I wonder if the Romans gathered around the aquaduct on Monday mornings to discuss the carnage at the coliseum over the weekend? Oh, the fun they would have had with Sergio Garcia...

Mass media, the Internet and sports in this day and age all intersect to create an intriguing phenomenon of cultural memories that you don't even have to have participated in the first time around to still be part of. We form unique, personal and intimate relationships with moments that millions have taken in, often after the fact. I am protective of my memories, while at the same time touting my coolness for having arrived at them. First.

It reminds me, in many ways, of my relationship with bands I "discovered" in high school. Bands that subsequently "sold out" when they gained the popularity I always thought they deserved. And so it was, while watching the flashback to Medina in 1999, that I had one of those protective moments. It was in Medina in 1999 that we were introduced to Sergio the Kid, Garcia the Upstart,  the young Spainiard who was obviously enjoying playing golf, was brash enough to challenge Tiger and had the game to back it up.

It was Medina in 1999 that we, or at least I, started rooting for Garcia. After his run at Tiger in that, his first PGA Champsionship, he was destined for greatness. No? Tiger has obviously spoiled us, because we expect every next good player to rise to such lofty heights. And Garcia, for better or worse, was immediately expected to compete at the same level.

Sergio's accomplishments over the past nine years on the PGA Tour are pretty stellar: 7 tournament wins, 7 2nd-place finishes, 7 3rd-place finishes, 56 top 10's and career golf earnings of over $22,000,000. That's a lot of zeros. But the biggest zero on Sergio's card is the column for wins in a major. Major wins are how we define greatness, how we seperate signal from noise in an era when the worst players on tour make a better living than 99% of the rest of the US population.

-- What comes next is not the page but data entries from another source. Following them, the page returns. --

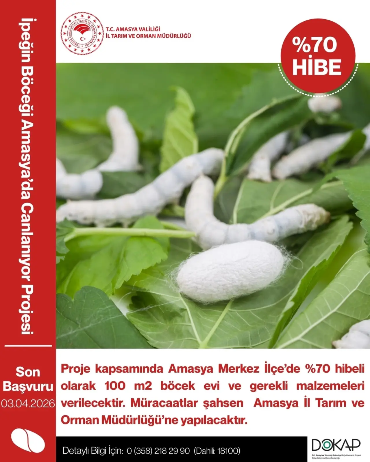 Tarım ve hayvancılık alanında alternatif üretim modellerini destekleyen bu proje, Amasya’da üreticilere yeni fırsatlar sunarken, bölgesel kalkınmaya da katkı sağlaması açısından büyük önem taşıyor. İpek böcekçiliğine ilgi duyan vatandaşların başvuru sürecini kaçırmamaları gerektiği hatırlatıldı.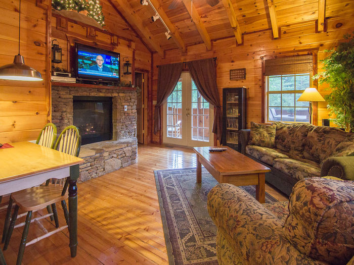 Peaceful and quiet, you can enjoy breakfast at sunrise overlooking the water from the screened deck. Or after a long day of hiking, shopping or exploring Gatlinburg and Pigeon Forge, return home for a relaxing soak in the hot tub. Inside, you'll find a fully equipped kitchen, dining table for 4, living area with a 42" flat screen TV, DVD movie collection, Gamecube video game system, and wireless internet. The sofa converts to a queen size sleeper sofa but we also have a queen size electric air mattress that is even more comfortable. The king bedroom is the perfect retreat with a gas fireplace from October 1-April 30. The ensuite heart-shaped jacuzzi tub adds a romantic flair, while the full bath is roomy and offers an oversized shower.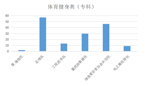 体育健身类社团专科纳新人数157人,占体育健身类社团纳新人数的79%,排名前三最受专科生欢迎的体育健身类社团是足球队、球类爱好者协会乒羽社、墨武跆拳道社。

Sergio, yet to win one of those elusive majors, has yet to live up to the hype - if not his potential. Ever since I became emotionally attached to Sergio, I've held it against him that he can't seem to win the big ones. He is the great hope that has never materialized, the cross I bear as a fan every time I root for him coming down the stretch. When they flashed the images of a youthful Garcia running up the fairway after his shot heard round the world in '99, I instinctively got posessive of my Garcia cultural memories and history: I've spent the last eight years suffering as this guy's fan, don't let these other suckers in for free!

Ha! Welcome to my world, suckers. Oh sure, Garcia taunted us with his win at the TPC this spring, taking everyman Paul Goydos to overtime and then finishing him off with his iron play. But it is always Garcia's putting that keeps him out of the winner's circle, and even after his inexplicable water shot on #16, Garcia had a chance to stay in it with his flatstick on #17, and he gacked. And then he fumed about it. "Not disappointed"? Oh, puh-leeze. I'm betting that Garcia would happily trade in all of his wins and most of his money for one major win. Just one.

Padraig Harrington has won only five times on the PGA Tour, and three of them have been majors. Harrington is instantly classic, a giant and a giant-killer within the space of fourteen months. Two of his major wins have come gainst Sergio Garcia, both of them won down the stretch, and he deserves a lot of credit for gutting it out for the win. Padraig's putt on #16 for par was the epitome of courage on the golf course. His birdie putt on #17 was the final sword in the bull he'd been taunting all day.

I'm just p1ssed that I've been rooting for that bull, I've seen enough bullfights to know better. But that "new" bullfighter in the ring? That guy can play. Just make sure you never listen to one of his post-round interviews, his voice doesn't match his game.